Parfum MDCI describes Promesse de l’Aube as an oriental floral “pour le jour” (daytime wear), but truth to be told the overall sheen and aura are just shy of the modern chypre terrain. Structurally it has also been favourably compared to Guerlain Attrape-Coeur, though not having the opportunity to experience Mathilde Laurent’s creation I cannot objectively comment on that matter. Still, the word honeyed comes to mind upon describing the opening Promesse de l’Aube; although the requisite graces of bergamot, mandarin and lemon are present, the focal point is more apricot-glossed in sensorium, candied yet delicate in tow. One can almost mistaken the olfactory refraction as the offshoot of a vibrant peach, but such is not the focus, at least not in the sense of the classic grande dame tone, how unctuously fruity Persicol is in Guerlain Mitsouko (1919). Instead, imagine a quality French citrus-apricot confit, say, from Fauchon: poised, polished, but knowingly with that touch of restrained decadence. The apricot here is that necessary gloss above the rigorously made crème anglaise and pâte sable, that requisite sheen on the French confections.

And that sheen gets subsequently buoyed by the white florals, of ylang ylang and jasmine. Knowning Kurkdjian’s style my money is also on orange blossom—not in the sense of the absolute but more of a modern accord with methyl anthranilate and the salicylates—but alas such is not listed. This is where having an unrestrained development budget factors in, the floral elements having a proper heft and sheen without the all-too-commonplace screech in its sillage before the balsamic elements (tonka bean and vanilla) ushering in the modern musks, along with the woods such as Indian sandalwood to give off an air of billowing cloud somewhere within the vicinity of a modern chypre.

Here lies the contradiction within Promesse de l’Aube: the compositional style nudges on the late fifties side with its solemnity and structure, yet the overall sweep is nimble and modern. To this day I am still doing double takes on its theme: the cerebral side of me knows all too well that an oriental floral is at play, yet from time to time I wouldn’t think twice about enlisting the base as a modern chypre...

Is it worth its hefty price tag? Ringing the affirmative. To me here the phrase “promesse de l’aube” is more literal, a take on l’aube without the fear of not delivering on la promesse.

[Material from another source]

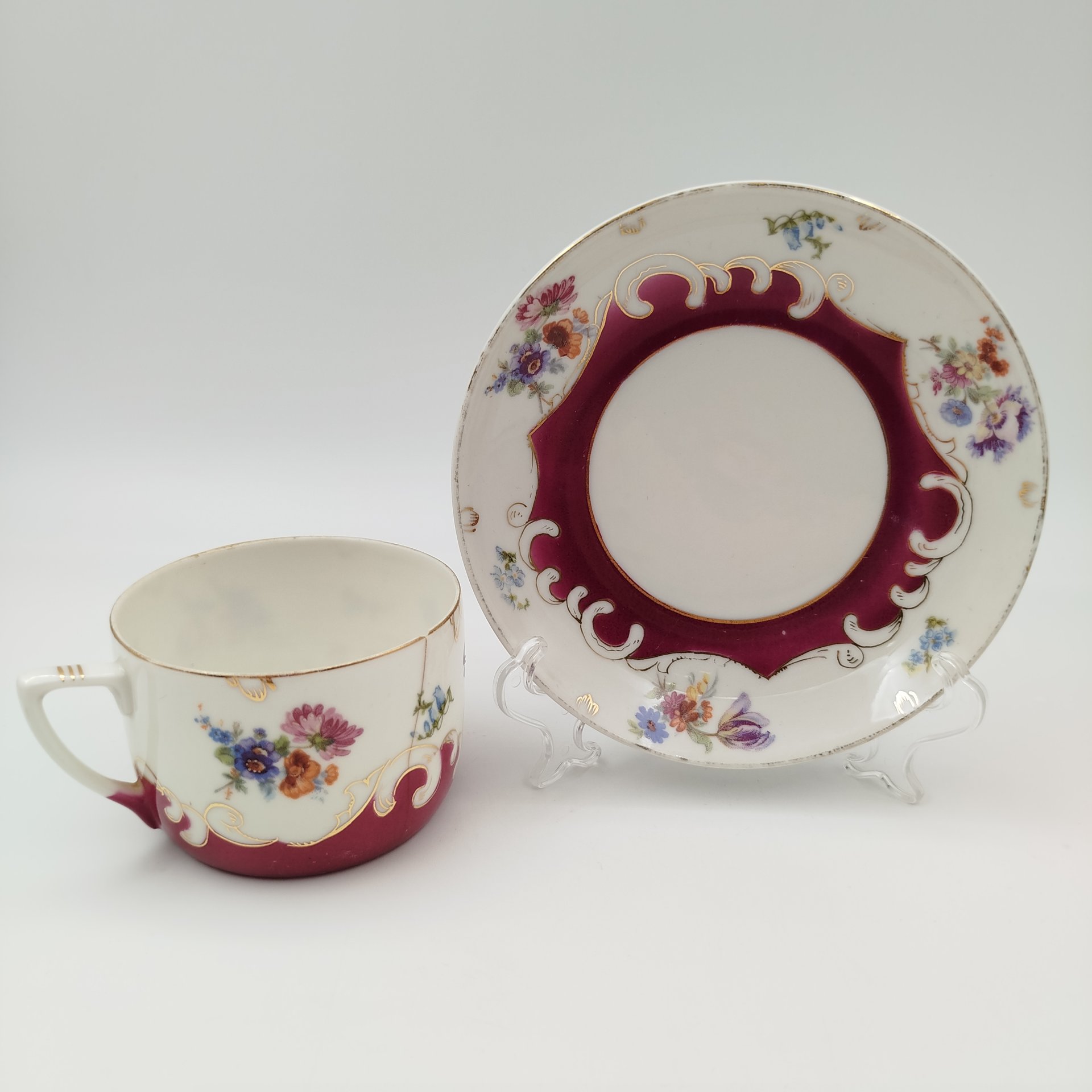 Чайная пара большая с цветочным декором, фарфор, люстр, деколь, Сумский фарфоровый завод, СССР, 1980 г.

For more information on the perfumes, flacons and on how to order, please contact Parfums MDCI
Photo: Promesse de l’Aube from LuckyScent.
* For a basic summary of the book please refer to this literary review.


  1. Anonymous08:03

    Dear Albert, this is a beautiful review and, of course, I now want to try Promesse, especially as I have recently developed a taste for good apricot conserve! As all my classic favourites disappear or become reformulated beyond recognition, I have been wondering what I can wear to replace them when I have used up all my stores - maybe Promesse is a candidate.

  2. Anonymous06:00

    Dear Jillie, thank you so much for your kind words! I think with Promesse de l'Aube most people should at least try a sample before deciding if it is right for them, as its fragrance structure have now shown up in a couple of subsequent releases. (Luca Turin has mentioned Chanel 31 rue Cambon in his review, for instance.) Good luck!